What is being asked:
Copy out the data word for word. The images are not part of the copy.

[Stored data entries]
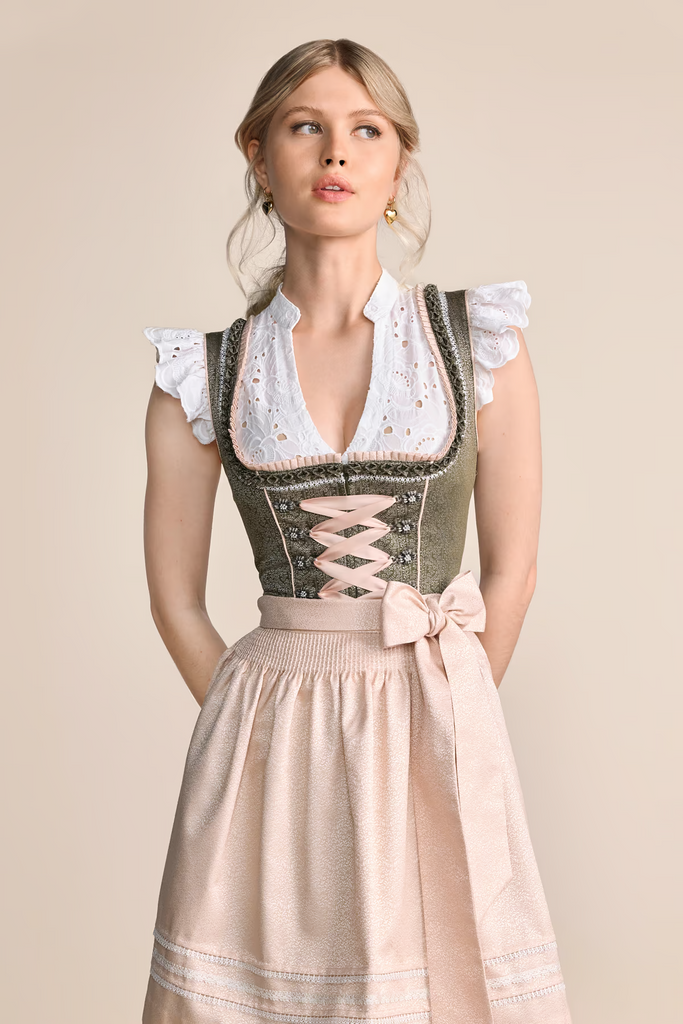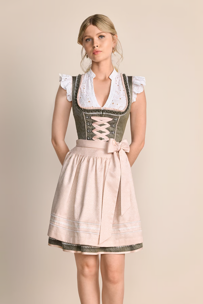 Das Dirndl ELOWEN von Krüger Madl ist ein elegantes, exklusives Dirndl mit einer Länge von 50 cm. Das olivgrüne Dirndl besticht durch seine faszinierende Farbkombination mit der zarten rosafarbenen Schürze. Die passende Dirndlbluse rundet das Gesamtbild ab und verleiht Ihnen eine stilvolle und luxuriöse Ausstrahlung.
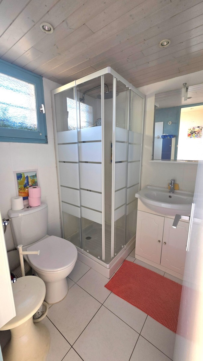 Cette location de vacances, lumineuse, exposée plein sud, équipée pour 4 personnes, possède une mezzanine basse. Elle vous offrira, durant votre séjour, tout le confort souhaité et attendu : un matelas neuf 140×190, canapé BZ haute densité, volets roulants, TV LED murale, ventilateur de plafond, réfrigérateur-congélateur, frigo table top, plaques à induction, micro-ondes… Elle dispose également d’un parking au pied de l’appartement.
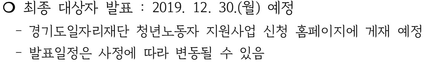 최종 대상자 발표는 2019년 12월 30일 날 경기도 일자리 재단 청년 노동자 지원사업 신청 홈페이지에서 확인이 가능합니다.
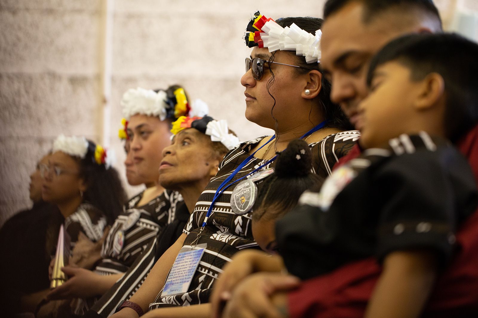 To honor his Tuvaluan side and his love for traditional dance, family members had worn ceremonial headgear in red, black, yellow and white during Saturday's service.
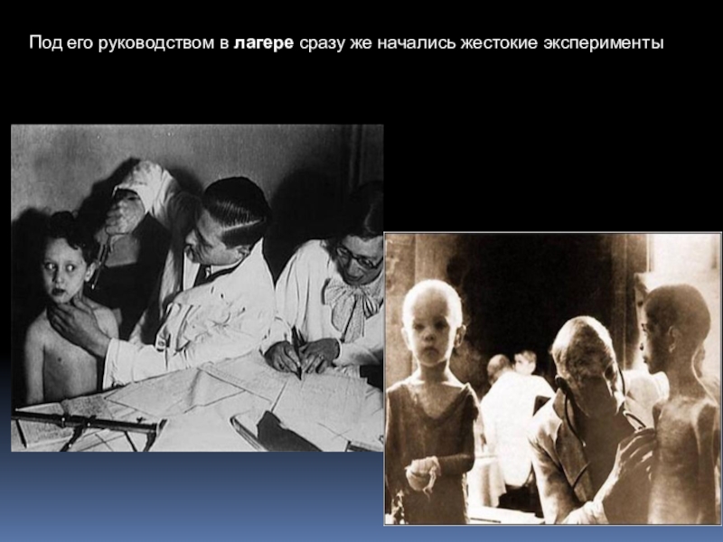 Слайд 83Под его руководством в лагере сразу же начались жестокие эксперименты

Written response:
 Das Dirndl ELOWEN von Krüger Madl ist ein elegantes, exklusives Dirndl mit einer Länge von 50 cm. Das olivgrüne Dirndl besticht durch seine faszinierende Farbkombination mit der zarten rosafarbenen Schürze. Die passende Dirndlbluse rundet das Gesamtbild ab und verleiht Ihnen eine stilvolle und luxuriöse Ausstrahlung.
 Cette location de vacances, lumineuse, exposée plein sud, équipée pour 4 personnes, possède une mezzanine basse. Elle vous offrira, durant votre séjour, tout le confort souhaité et attendu : un matelas neuf 140×190, canapé BZ haute densité, volets roulants, TV LED murale, ventilateur de plafond, réfrigérateur-congélateur, frigo table top, plaques à induction, micro-ondes… Elle dispose également d’un parking au pied de l’appartement.
 최종 대상자 발표는 2019년 12월 30일 날 경기도 일자리 재단 청년 노동자 지원사업 신청 홈페이지에서 확인이 가능합니다.
 To honor his Tuvaluan side and his love for traditional dance, family members had worn ceremonial headgear in red, black, yellow and white during Saturday's service.
 Слайд 83Под его руководством в лагере сразу же начались жестокие эксперименты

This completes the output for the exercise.